Pipelinez treats the public API of Pipelinez, Pipelinez.Kafka, Pipelinez.AzureServiceBus, Pipelinez.RabbitMQ, Pipelinez.AmazonS3, Pipelinez.PostgreSql, and Pipelinez.SqlServer as an intentional compatibility contract.

  • stable APIs are expected to remain source-compatible within the current major version
  • preview APIs should be explicitly marked and documented when introduced
  • public API approval tests protect package assemblies from accidental surface changes in normal PR and CI validation

See documentation/ApiStability.md for the full policy and maintainer workflow.

Releases

Pipelinez uses SemVer-style versions and publishes Pipelinez, Pipelinez.Kafka, Pipelinez.AzureServiceBus, Pipelinez.RabbitMQ, Pipelinez.AmazonS3, Pipelinez.PostgreSql, and Pipelinez.SqlServer with aligned package versions.

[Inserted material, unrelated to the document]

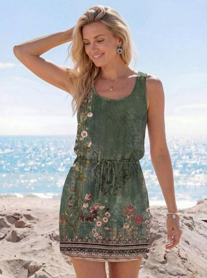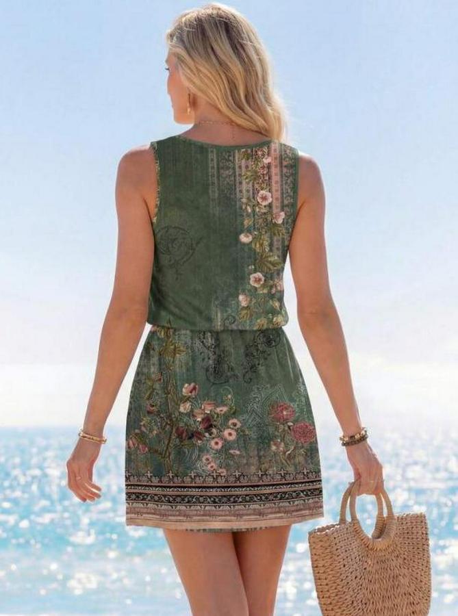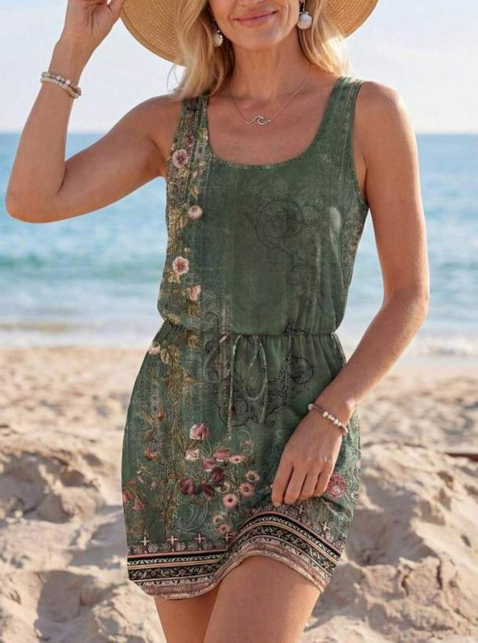 Askılı Yuvarlak Yakalı Beli Kusaklı Çiçek Desenli Kısa Süprem Elbise

  • stable releases use tags like v1.2.3
  • preview releases use tags like v1.3.0-preview.1
  • release notes are tracked in CHANGELOG.md and GitHub Releases
  • NuGet publishing uses Trusted Publishing rather than a long-lived API key

Contributing

Contributions are welcome. Start with CONTRIBUTING.md for local setup, test expectations, and public API guidance.

License

This repository is licensed under the MIT License. See LICENSE.